From the BGP configuration point of view you could use aggregate-address .....  summary-only instead of static to null0 + network command, but you would need network commands in BGP for component subnets to trigger the advertising.

 

I personally prefer to use aggregate-address now instead of the combo static route to null0 + network command.

So I would suggest to try this way to see if  you see any changes.

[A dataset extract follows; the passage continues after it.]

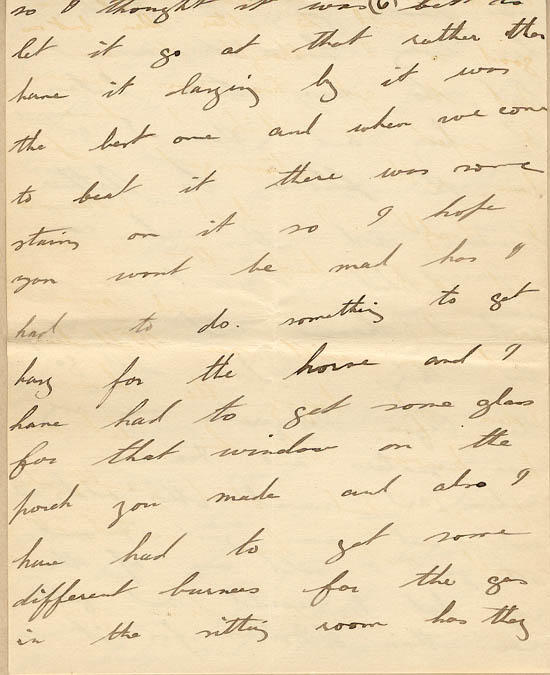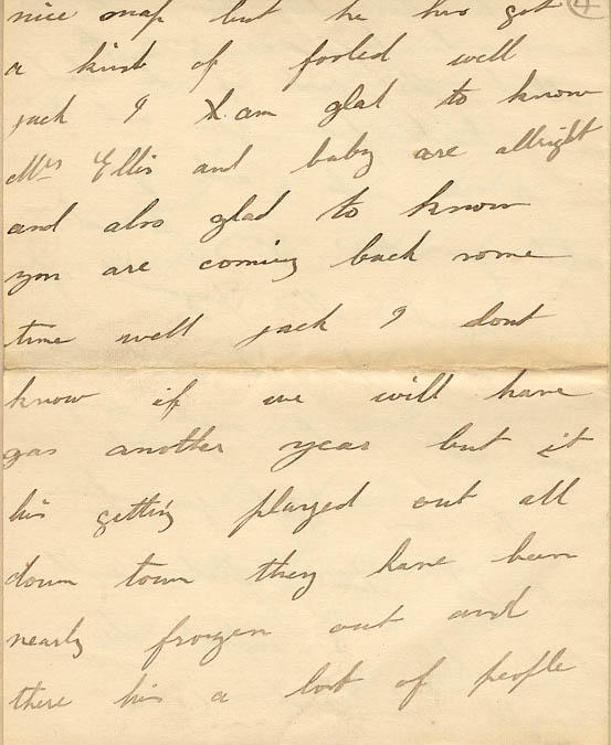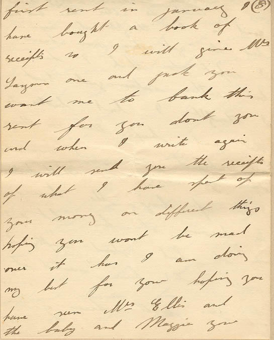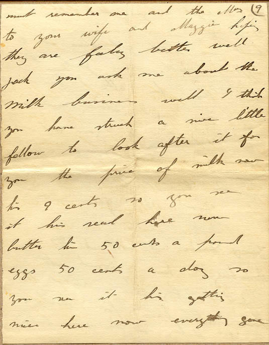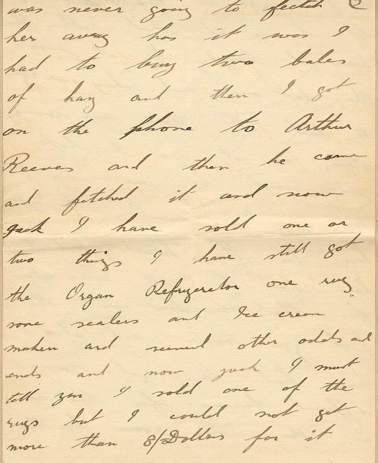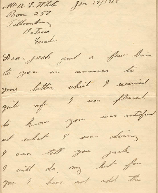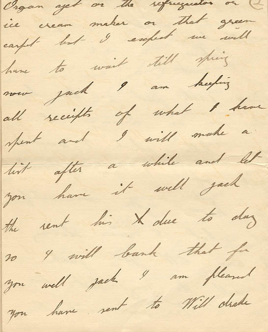 Just a few lines to you in answer to your letter which I received quite safe I was pleased to know you was satisfied at what I was doing I can tell you Jack I will do my best for you I have not sold the Organ yet or the refrigerator or ice cream maker or that green carpet but I expect we will have to wait till spring now Jack I am keeping all receipts of what I have spent and I will make a list after a while and let you have it well Jack the rent his due to day so I will bank that for you well Jack I am pleased you have sent to Will drake has he has been down to me and he was going to collect the rent if he had not heard from you and he wanted me to ask you what you was going to do has regards the payments of the house has he said he could not wait much longer so I am glad you have sent to him that will fool him I expect he thought he had got a nice snap but he has got a kind of fooled well Jack I am glad to know Mrs Ellis and baby are allright and also glad to know you are coming back some time well Jack I don't know if we will have gas another year but it his getting played out all down town they have been nearly frozen out and there his a lot of people was never going to fetch her away has it was I had to bring two bales hay and then I got on the phone to Arthur Reeves and then he came and fetched it and now Jack I have sold one or two things I have still got the Organ Refrigerator one rug some sealers and Ice cream maker and several other odds and ends and now Jack I must tell you I sold one of the rugs but I could not get more than 8/Dollars for it so I thought it was best to let it go at that rather than have it laying by it was the best one and when we come to beat it there was some stains on it so I hope you wont be mad has I had to do something to get hay for the horse and I have had to get some glass for that window on the porch you made and also I have had to get some different burners for the gas in the sitting room has they could not see to read and I tried all I could to alter them but no good so I thought it was best to get two more burners I expect to thing I have been rather extravagant but I thought I had better do that and keep them so they are satisfied now and now Jack you will see Will drakes Idea of buying the house he knowns it his let and if it had stood empty he would not have wanted it so you will draw your first rent in January I have bought a book of receipts so I will give Mrs Layman one and Jack you want me to bank this rent for you dont you and when I write again I will send you the receipts of what I have spent of your money on different things hoping you wont be mad over it has I am doing my best for you hoping you have seen Mrs Ellis and the baby and Maggie you must remember me and the Mrs to your wife and Maggie hoping they are feeling better well Jack you ask me about the Milk business well I think you have struck a nice little fellow to look after it for you the price of milk now his 9 cents so you see it his real here now butter his 50 cents a pound eggs 50 cents a doz so you see it his getting nicer here now everything gone up except wages that his one thing they never raise well never mind we will get over it suppose well now Jack think this his all I can say now so must close with my best respects to you and all from your true Friends Mrs and Mr A.E. White

Warning : when using aggregate-address you will need BGP network commands for some component subnets so you may need to filter them in redistribution of BGP into OSPF, in other words the problem can just shift to the component subnets of each aggregate.

 

Hope to help

Giuseppe

 

View solution in original post

7 Replies 7

Richard Burts
Hall of Fame
Hall of Fame

There is much we do not know about this situation and perhaps some of that unknown information might change the suggestion that I have. But based on what is described in the original post I suggest that this is what is going on:

- the static route to null0 associates the subnet of the route with an interface (as opposed to a static specifying a next hop which is independent of any interface) and is treated as a locally connected subnet. There are many discussion in the community about this behavior when a static route specifies only an outbound interface and not a next hop.

- now that the subnet is associated with an interface the redistribute connected in OSPF causes the subnet to be redistributed into OSPF.

- The original post says "its not the redistribute connected statement". I wonder on what basis did they determine this? 

- The original post says "doesn't occur with any other static routes". I wonder if they tested with other static routes which specify only the outbound interface or tested just with "normal" static routes which specify a next hop? 

- the original post says that this behavior occurs on some platforms and does not occur on other platforms. I am surprised at this but accept that it is possible.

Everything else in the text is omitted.